▼

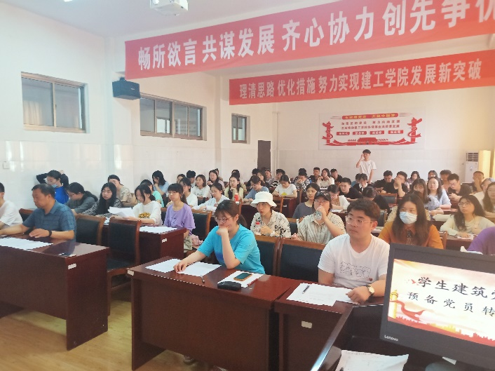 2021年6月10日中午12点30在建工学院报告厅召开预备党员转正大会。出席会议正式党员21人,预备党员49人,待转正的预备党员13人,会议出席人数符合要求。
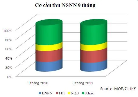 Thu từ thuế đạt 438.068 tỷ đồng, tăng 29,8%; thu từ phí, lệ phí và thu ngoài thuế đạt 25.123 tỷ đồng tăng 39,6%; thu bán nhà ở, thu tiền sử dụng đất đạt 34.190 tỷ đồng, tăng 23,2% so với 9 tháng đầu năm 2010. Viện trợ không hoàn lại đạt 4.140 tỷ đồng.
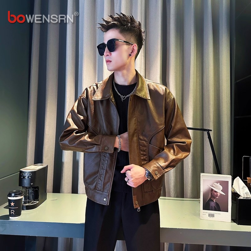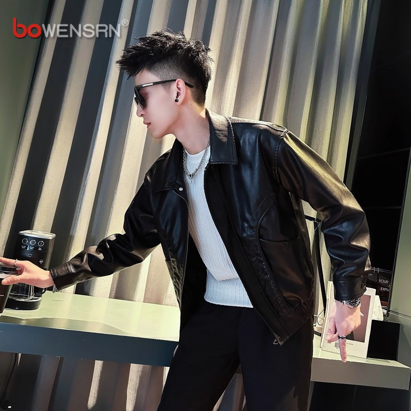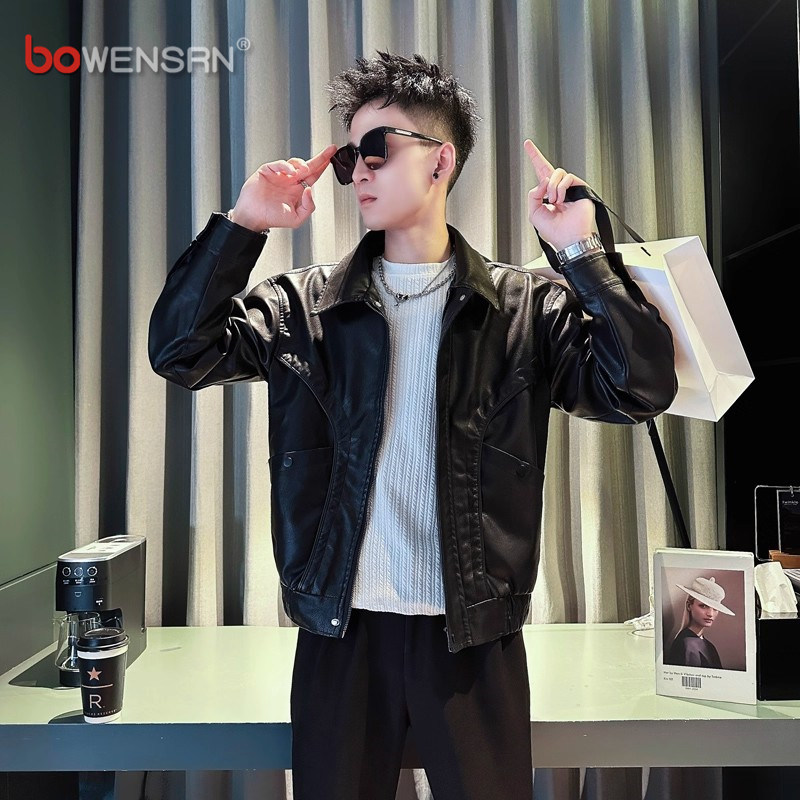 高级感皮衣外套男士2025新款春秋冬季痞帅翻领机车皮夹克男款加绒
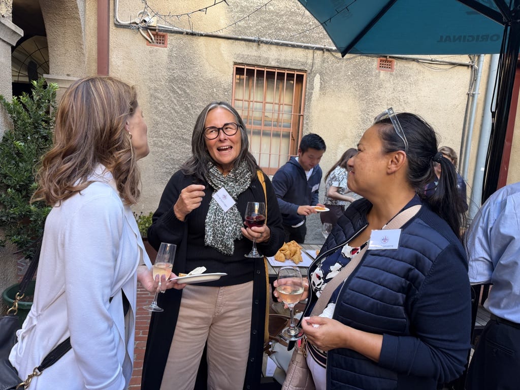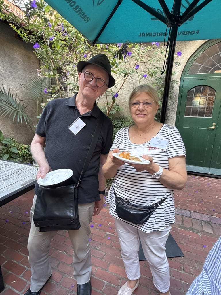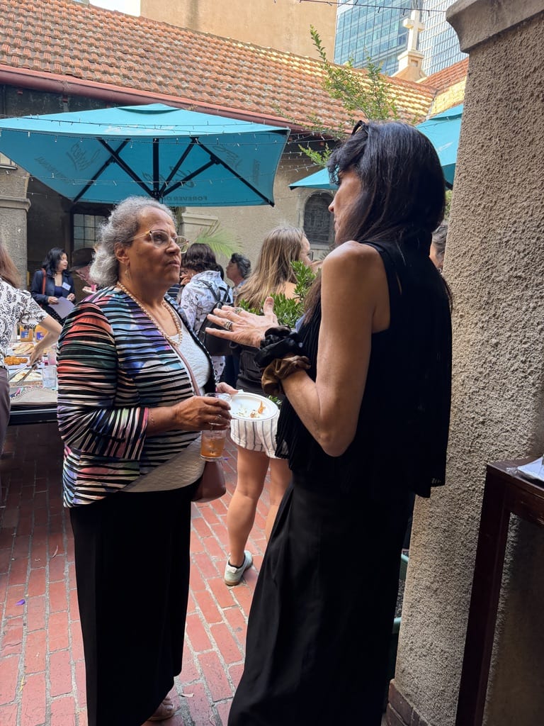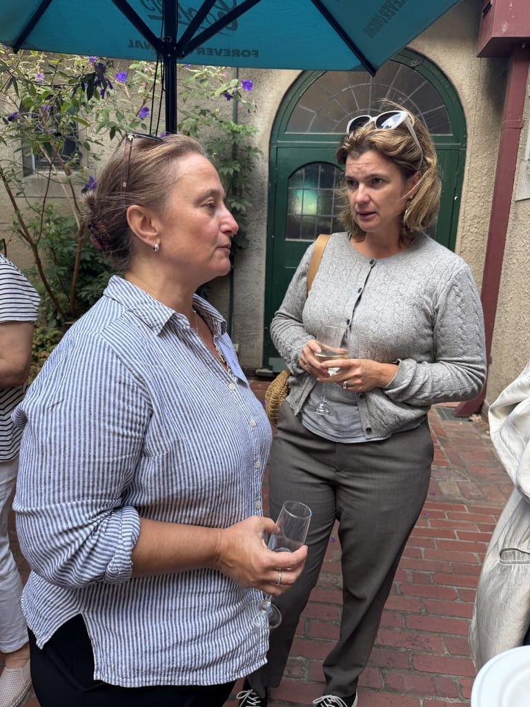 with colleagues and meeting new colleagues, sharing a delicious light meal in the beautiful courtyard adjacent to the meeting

▲
▼

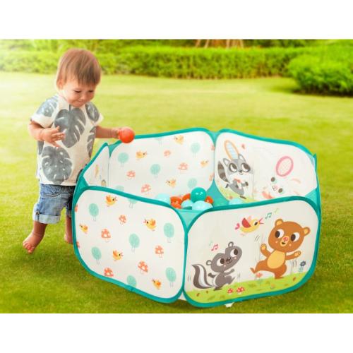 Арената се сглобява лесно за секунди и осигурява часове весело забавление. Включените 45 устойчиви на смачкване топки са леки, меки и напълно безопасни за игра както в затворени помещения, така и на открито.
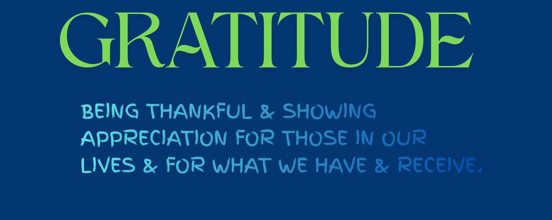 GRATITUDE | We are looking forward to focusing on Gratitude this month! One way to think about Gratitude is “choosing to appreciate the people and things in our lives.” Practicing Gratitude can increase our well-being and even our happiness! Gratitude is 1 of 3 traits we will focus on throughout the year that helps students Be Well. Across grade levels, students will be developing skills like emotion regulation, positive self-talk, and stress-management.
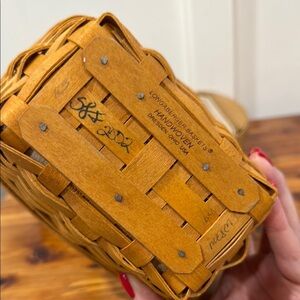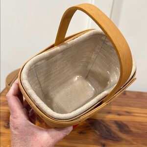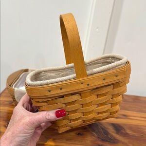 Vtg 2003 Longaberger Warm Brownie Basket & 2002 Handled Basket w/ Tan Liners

▲

## YOUR OBJECTIVE
To complete this exercise, transcribe exactly the lines above from the one that holds "2021年6月10日中午12" through the one that holds "with colleagues and". Pictures stay out.

## SOLUTION
 2021年6月10日中午12点30在建工学院报告厅召开预备党员转正大会。出席会议正式党员21人,预备党员49人,待转正的预备党员13人,会议出席人数符合要求。
 Thu từ thuế đạt 438.068 tỷ đồng, tăng 29,8%; thu từ phí, lệ phí và thu ngoài thuế đạt 25.123 tỷ đồng tăng 39,6%; thu bán nhà ở, thu tiền sử dụng đất đạt 34.190 tỷ đồng, tăng 23,2% so với 9 tháng đầu năm 2010. Viện trợ không hoàn lại đạt 4.140 tỷ đồng.
 高级感皮衣外套男士2025新款春秋冬季痞帅翻领机车皮夹克男款加绒
 with colleagues and meeting new colleagues, sharing a delicious light meal in the beautiful courtyard adjacent to the meeting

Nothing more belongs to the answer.